La sabiduría popular dice que a perro flaco todo son pulgas y eso es algo que se podría aplicar a lo que actualmente sucede en Europa. Mientras hubo bonanza económica, todo anduvo sobre ruedas pero cuando nos alcanzó de lleno la crisis nos crecieron por doquier los enanos.

Es cierto que vivíamos por encima de nuestras posibilidades pero no lo es menos que nuestra deuda pública está por debajo de la media europea y que el rápido crecimiento de nuestro abultado déficit fiscal (11,2%) no es causa de la crisis sino consecuencia de los esfuerzos para aminorar su impacto social. Desde estos puntos de vista —deuda y déficit— el Reino Unido está peor que España aunque tiene la ventaja de poder devaluar, que es lo que está haciendo. El riesgo de Europa ahora, si nos apretamos demasiado el cinturón, es la deflación, aunque algo nos alivie la depreciación del euro frente al dólar.

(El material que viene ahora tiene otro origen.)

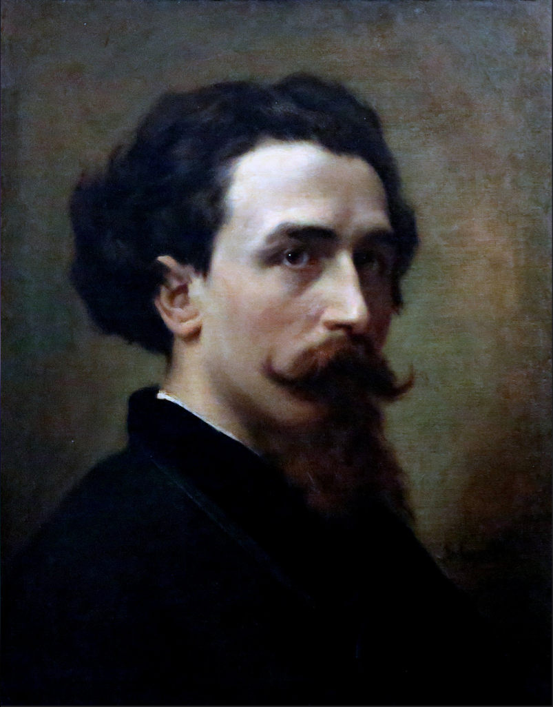 Alleged portrait of the painter Jules Dupré or M. Francis Wey, both closed friends to Courbet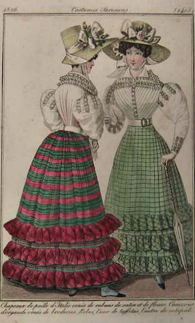 Hand colored engraved fashion plate from Costumes Parisiens, a French fashion magazine, showing tartan or plaid skirts

No le falta razón al premio Nobel de Economía Paul Krugman cuando dice que la culpa la tiene el euro porque una moneda única no puede funcionar sin integración fiscal y laboral. Al no poder jugar con el precio del dinero, pagamos en desempleo nuestra falta de competitividad y el problema se agrava porque no tenemos forma de recolocar a una masa laboral dejada en el paro por la crisis inmobiliaria y con escasa cualificación. La inmigración reciente y una legislación laboral trasnochada son en buena medida responsables de las altísimas tasas de desempleo que padecemos. Pero no olvidemos que partíamos de un 7% estructural cuando nuestra economía era la que más crecía de Europa. Algo estamos haciendo mal y eso es lo que el Gobierno ha tratado de arreglar esta semana.

Tampoco podemos desconocer que el euro ha sido una bendición para España (y para Alemania, que nos vendió sus coches y trenes) y que con él hemos vivido nuestros mejores años y por eso creo que la solución no es menos Europa, sino más Europa, mayor integración de las políticas económicas, mayor poder regulatorio centralizado y la creación de algo similar a un Fondo Monetario Europeo que nos ponga a salvo de los especuladores que siguiendo la perversa lógica capitalista apuestan a que las cosas vayan mal y luego hacen todo lo posible para que efectivamente vayan mal porque así ganan más dinero. Hay pruebas de ello.

Decía Jean Monnet que Europa avanza a pequeños pasos pero ahora hay que dar un gran alto adelante porque de esta crisis o salimos reforzados o no salimos. A grandes males, grandes remedios. Aprovechemos —en España y en Europa— para hacer todo aquello que sería imposible hacer en tiempos de bonanza. El mundo está cambiando cada día más deprisa y aparecen nuevos actores que exigen ser tenidos en cuenta en la organización de la convivencia internacional que ya no es cosa del G-8 sino del G-20. Son países como China, Brasil o la India, cuya entrada en la escena internacional está produciendo un maremoto que no desean ni ellos mismos. En 30 años, lo más probable es que el único país europeo que estará entre las 20 primeras economías del mundo será Alemania y ni siquiera eso es seguro.

Por eso, lo que está en juego es la supervivencia de Europa como actor internacional de primer orden: o somos capaces de olvidar viejas rencillas y protagonismos provincianos o Europa desaparecerá por los desagües de la Historia. A nuestro favor tenemos una capacidad de imaginación e inventiva que nadie nos niega como muestra la propia ingeniería política que es la Unión Europea y lo mucho que hemos hecho juntos en los últimos años.

Ha llegado el momento de poner nuestra potencia económica común —mayor que la de los EE UU— al servicio de una Europa que hable con una sola voz respaldada por una capacidad militar de proyectarse fuera de las fronteras en defensa de nuestros intereses. ¿Un sueño? Sin duda. Pero o lo hacemos o la marcha imparable de la Historia seguirá avanzando imperturbable hacia el Pacífico y nos moriremos de aburrimiento en un rincón del mundo que caerá en el olvido y donde, no lo olvidemos, se vivirá cada vez peor. En Europa hoy necesitamos poetas y visionarios.